### BRIEF
All the data should be repeated exactly. Any image in it is left out.

### INPUT DATA
=== Section Start ===
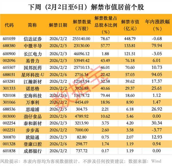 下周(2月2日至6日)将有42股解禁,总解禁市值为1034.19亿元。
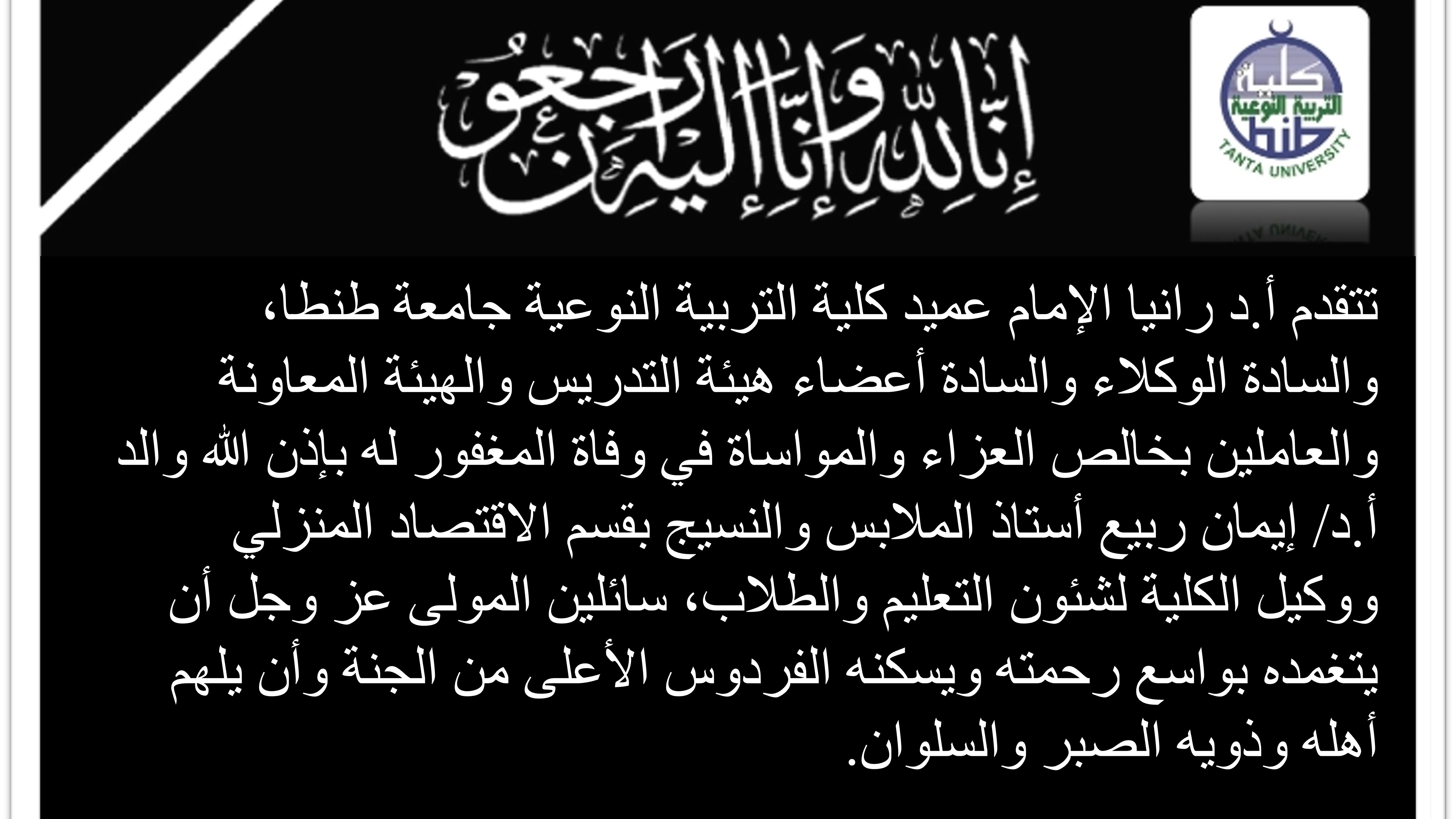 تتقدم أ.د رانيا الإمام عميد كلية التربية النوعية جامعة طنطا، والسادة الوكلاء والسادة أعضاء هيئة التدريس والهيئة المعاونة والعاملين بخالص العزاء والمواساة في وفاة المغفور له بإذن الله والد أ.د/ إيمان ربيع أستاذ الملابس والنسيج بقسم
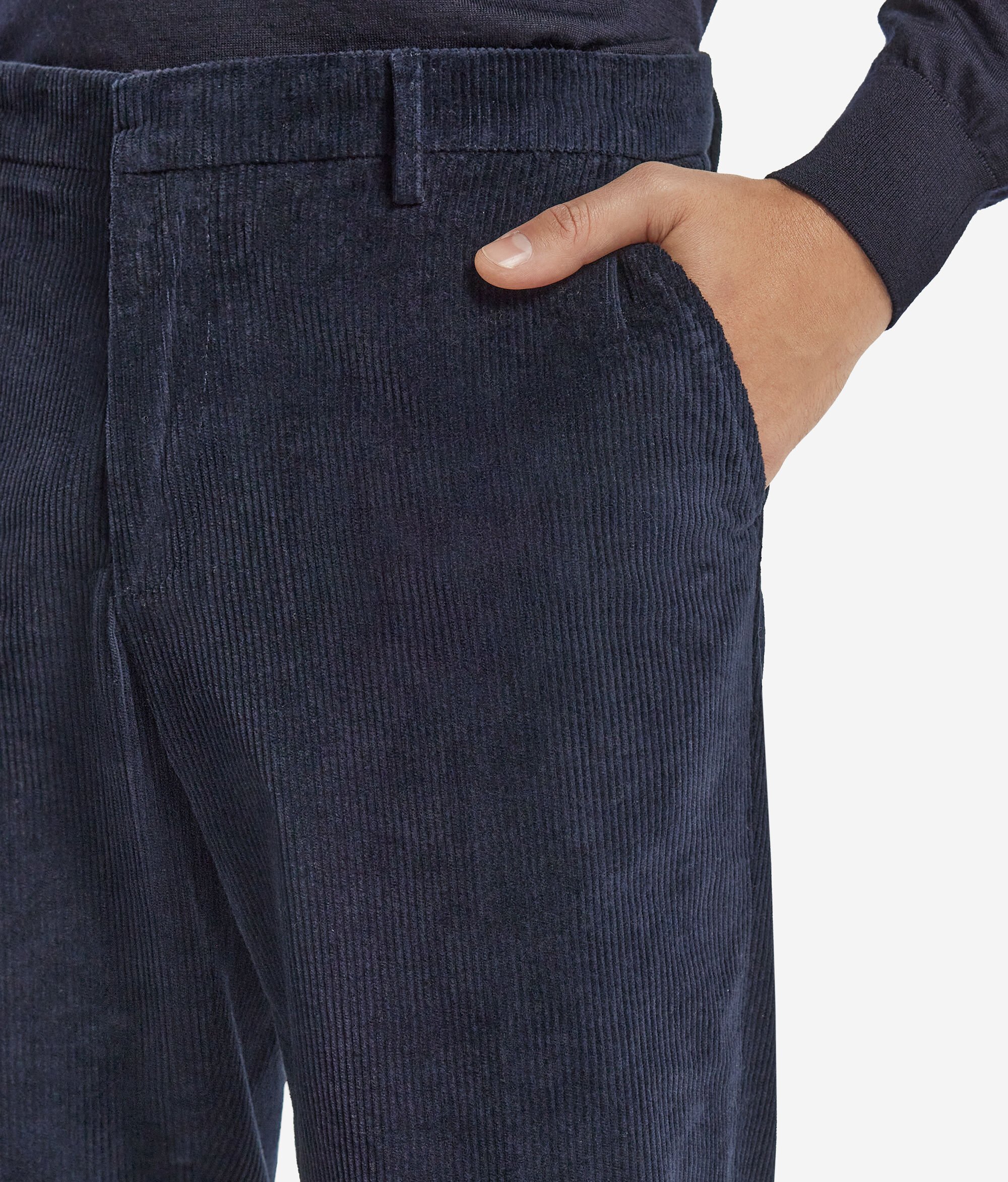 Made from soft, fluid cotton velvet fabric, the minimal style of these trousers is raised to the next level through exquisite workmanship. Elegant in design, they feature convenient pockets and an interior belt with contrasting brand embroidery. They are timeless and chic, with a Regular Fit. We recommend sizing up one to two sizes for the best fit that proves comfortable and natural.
=== Section End ===
### TASK RESPONSE
 下周(2月2日至6日)将有42股解禁,总解禁市值为1034.19亿元。
 تتقدم أ.د رانيا الإمام عميد كلية التربية النوعية جامعة طنطا، والسادة الوكلاء والسادة أعضاء هيئة التدريس والهيئة المعاونة والعاملين بخالص العزاء والمواساة في وفاة المغفور له بإذن الله والد أ.د/ إيمان ربيع أستاذ الملابس والنسيج بقسم
 Made from soft, fluid cotton velvet fabric, the minimal style of these trousers is raised to the next level through exquisite workmanship. Elegant in design, they feature convenient pockets and an interior belt with contrasting brand embroidery. They are timeless and chic, with a Regular Fit. We recommend sizing up one to two sizes for the best fit that proves comfortable and natural.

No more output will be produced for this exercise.